The implementation is practically the same as the pseudo-code:

    while (!state.quit)
    {
        newTick = SDL_GetTicks();
        elapsedTicks = newTick - currTick;
        numCycles = elapsedTicks / 1000 * clockSpeed;
        totalCycles += numCycles;
        if (numCycles > 0)
        {
            currTick = newTick;
            timePerCycle = elapsedTicks / numCycles;
            while (numCycles > 1)
            {

                SDL_PumpEvents(); // this is needed to populate the keyboard state array
                processInput(&state, keyStates);
                processOp(&state, memory);
                accumulator += timePerCycle;
                if (keyStates[SDL_SCANCODE_SPACE])
                {
                    SDL_Log("Space pressed, will exit");
                    state.quit = true;
                    break;
                }
                if (state.draw)
                {
                    updateScreen2(renderer, texture, state.pixels, pixels);
                    state.draw = false;
                }
                while (accumulator > timerDelta)
                {
                    if (state.delay_timer > 0)
                        state.delay_timer--;
                    if (state.sound_timer > 0)
                        state.sound_timer--;
                    accumulator -= timerDelta;
                }
                numCycles--;
                SDL_Delay(timePerCycle);
            }
        }
    }

Any pause/stepping code was removed for clarity.

Conclusion

So now that we’re here, what next? Some might have noticed I didn’t wire up the sound (yet). I should really do this to call this project “complete”. Also the tests need a bit more TLC - there was a lot of experimentation towards the end and whilst they provided a solid foundation, they didn’t necessarily grow alongside the codebase.

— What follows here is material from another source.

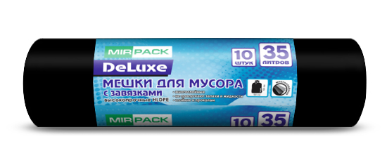 Серия «DELUXE» имеет не только уникальную структуру пленки и большую вместительность за счет удобных и прочных завязок , что гарантирует не только прочность , герметичность но и удобство при эксплуатации.

Finally perhaps, debugging capabilities are minimal at best. A cool feature to add would be the ability to “save state” - which should be as simple as serialising the State object - it contains all the information pertaining to the execution and loading should just be a case of restoring this.

All in all though it’s been a bag of fun - learnt tons on the way, and still am. I’d be interested to revisit this in another language down the line and see whether my approach would change.